• GOAL OF THE EXERCISE:
Below are the entries. Print only the lines starting at the one with "This charming home" and ending at the one with "г/л), достигает максимума", exactly, with no pictures.

• DATASET ENTRIES:
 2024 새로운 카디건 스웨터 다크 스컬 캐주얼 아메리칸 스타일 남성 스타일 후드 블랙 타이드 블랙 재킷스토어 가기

---

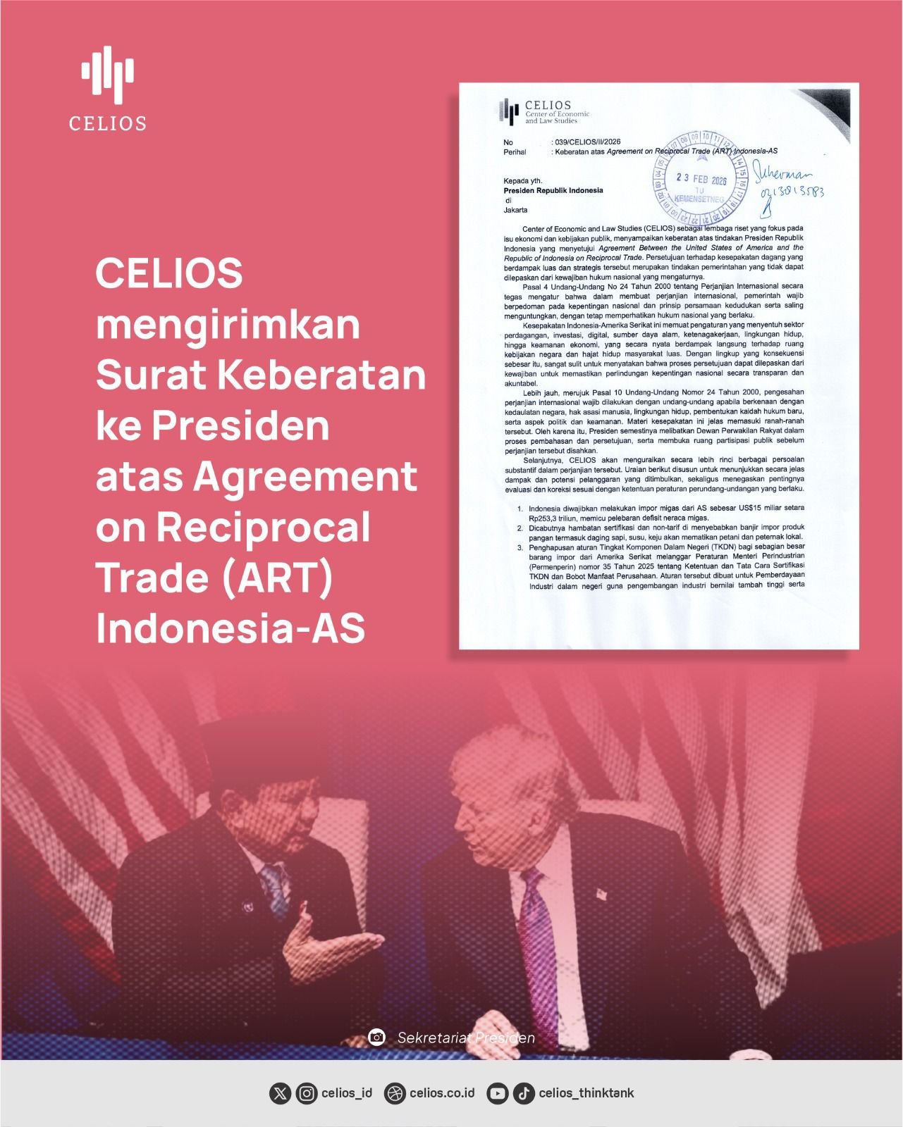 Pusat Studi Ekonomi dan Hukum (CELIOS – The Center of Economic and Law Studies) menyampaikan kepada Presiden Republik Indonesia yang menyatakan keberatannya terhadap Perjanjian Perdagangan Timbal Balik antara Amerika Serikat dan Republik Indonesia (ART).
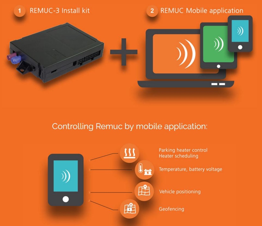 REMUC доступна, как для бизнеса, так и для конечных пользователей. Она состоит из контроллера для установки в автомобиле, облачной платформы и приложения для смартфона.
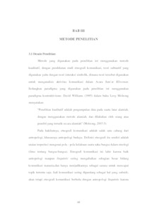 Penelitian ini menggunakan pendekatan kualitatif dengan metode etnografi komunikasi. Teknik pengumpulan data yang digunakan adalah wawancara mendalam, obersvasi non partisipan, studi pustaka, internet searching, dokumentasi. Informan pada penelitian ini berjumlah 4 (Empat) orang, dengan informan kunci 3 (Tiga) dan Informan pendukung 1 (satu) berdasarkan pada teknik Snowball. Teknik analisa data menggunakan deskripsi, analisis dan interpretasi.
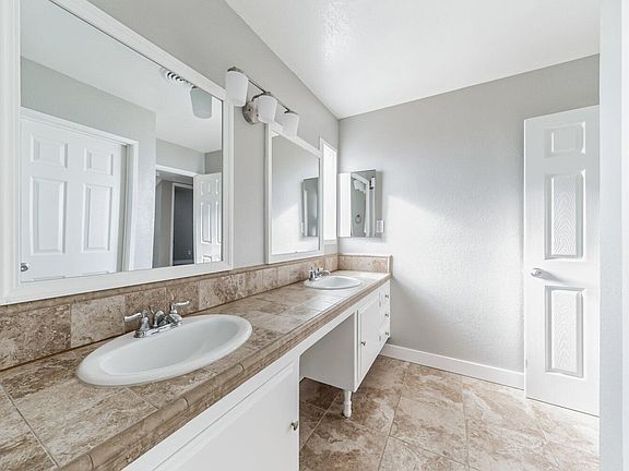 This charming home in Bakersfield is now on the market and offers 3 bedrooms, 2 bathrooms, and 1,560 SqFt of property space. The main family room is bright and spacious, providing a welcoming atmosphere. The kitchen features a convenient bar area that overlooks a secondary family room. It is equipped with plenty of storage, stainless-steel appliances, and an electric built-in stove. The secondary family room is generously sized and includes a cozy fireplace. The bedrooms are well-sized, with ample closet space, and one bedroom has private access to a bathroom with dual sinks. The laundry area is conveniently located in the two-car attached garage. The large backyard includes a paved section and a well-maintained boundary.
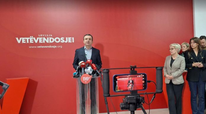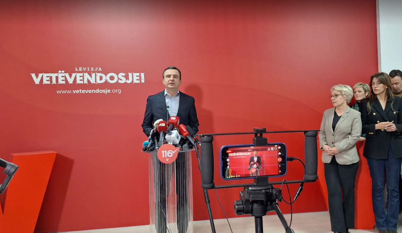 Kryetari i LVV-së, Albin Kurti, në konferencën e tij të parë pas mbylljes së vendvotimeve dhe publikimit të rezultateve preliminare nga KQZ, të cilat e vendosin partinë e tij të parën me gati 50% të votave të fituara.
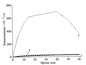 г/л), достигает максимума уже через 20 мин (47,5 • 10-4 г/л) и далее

--

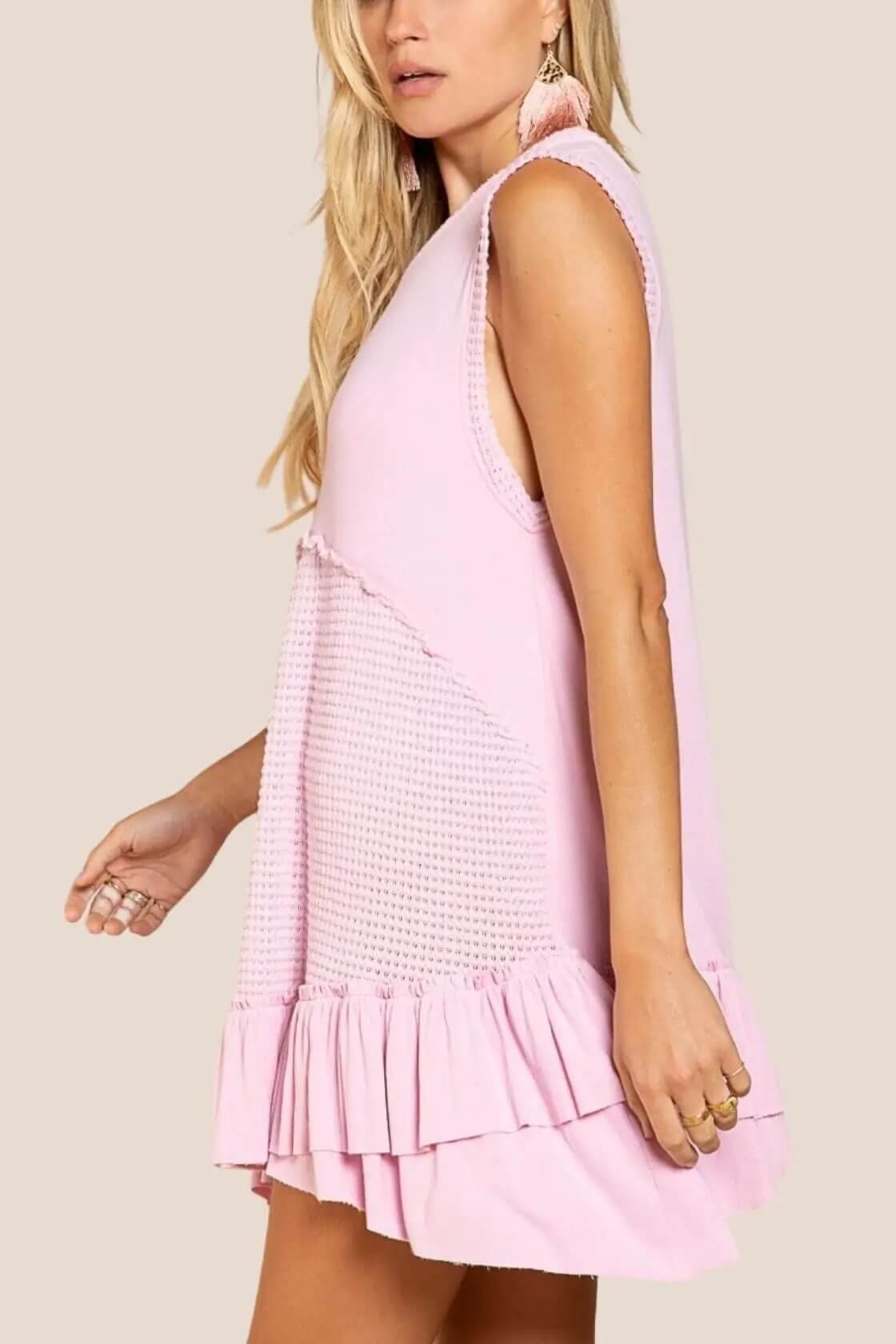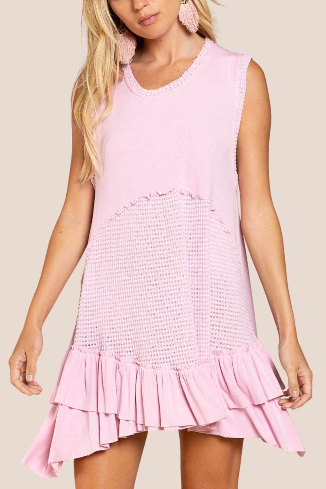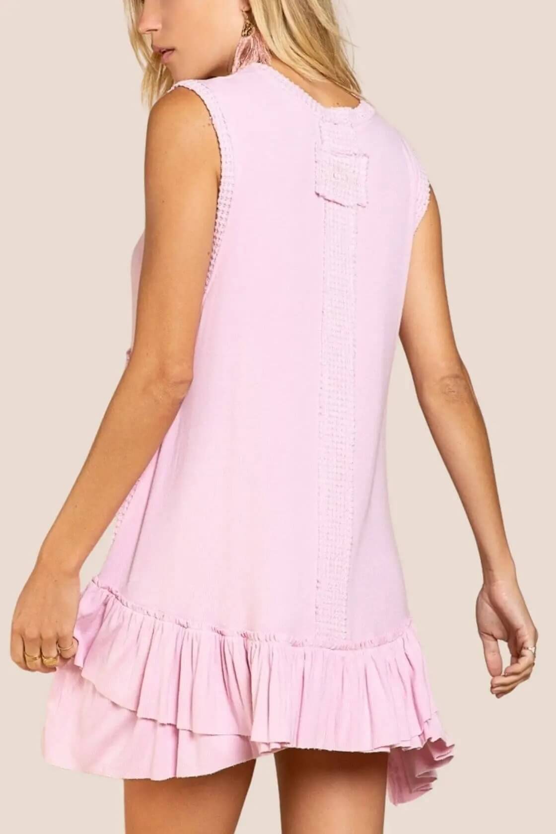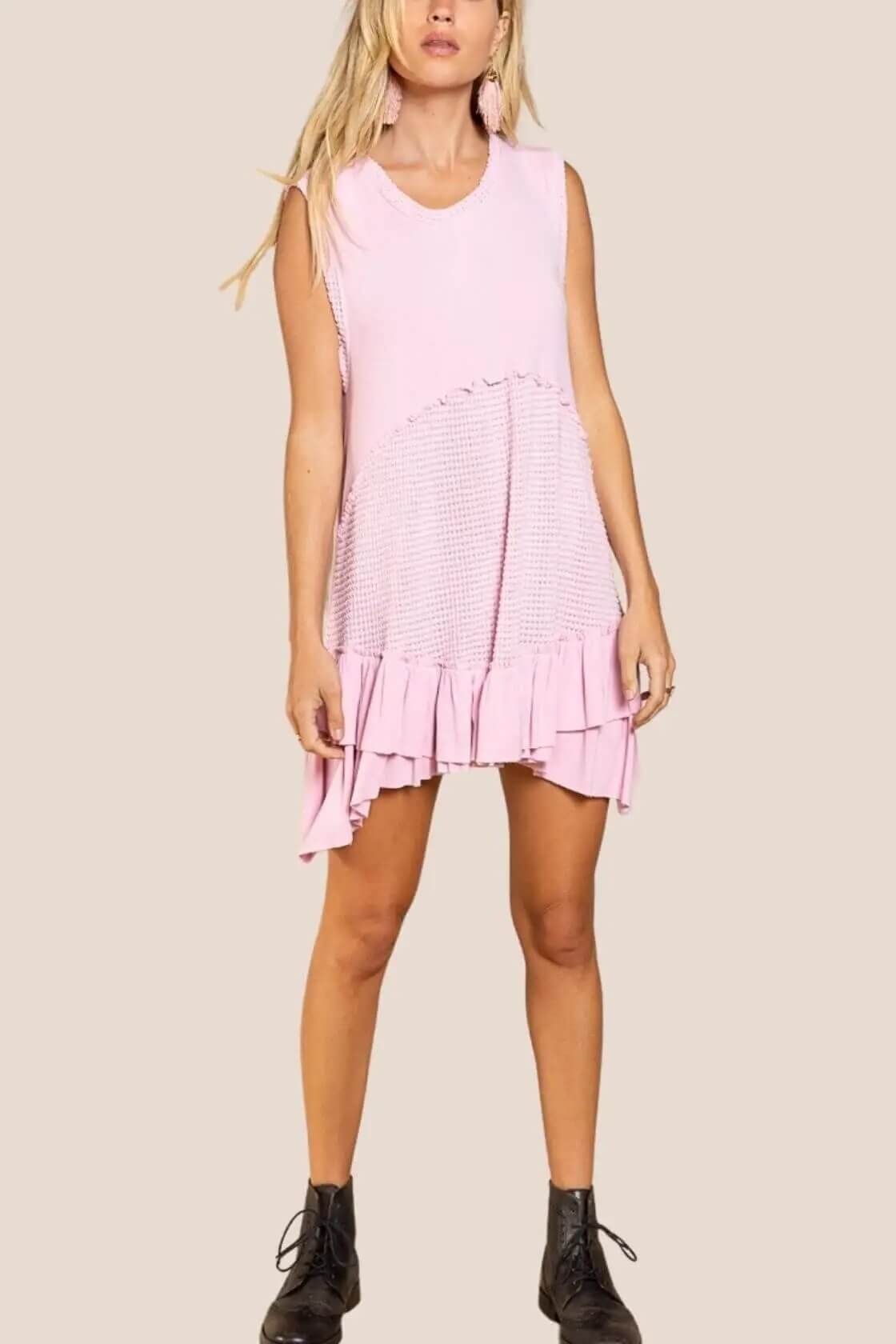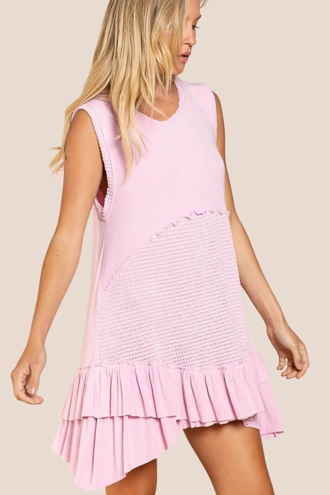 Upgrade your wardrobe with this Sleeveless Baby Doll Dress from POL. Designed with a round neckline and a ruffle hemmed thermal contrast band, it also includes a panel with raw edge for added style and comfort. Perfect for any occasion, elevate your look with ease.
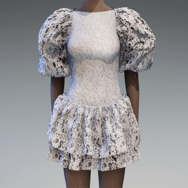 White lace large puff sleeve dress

• ANSWER SPACE:
 This charming home in Bakersfield is now on the market and offers 3 bedrooms, 2 bathrooms, and 1,560 SqFt of property space. The main family room is bright and spacious, providing a welcoming atmosphere. The kitchen features a convenient bar area that overlooks a secondary family room. It is equipped with plenty of storage, stainless-steel appliances, and an electric built-in stove. The secondary family room is generously sized and includes a cozy fireplace. The bedrooms are well-sized, with ample closet space, and one bedroom has private access to a bathroom with dual sinks. The laundry area is conveniently located in the two-car attached garage. The large backyard includes a paved section and a well-maintained boundary.
 Kryetari i LVV-së, Albin Kurti, në konferencën e tij të parë pas mbylljes së vendvotimeve dhe publikimit të rezultateve preliminare nga KQZ, të cilat e vendosin partinë e tij të parën me gati 50% të votave të fituara.
 г/л), достигает максимума уже через 20 мин (47,5 • 10-4 г/л) и далее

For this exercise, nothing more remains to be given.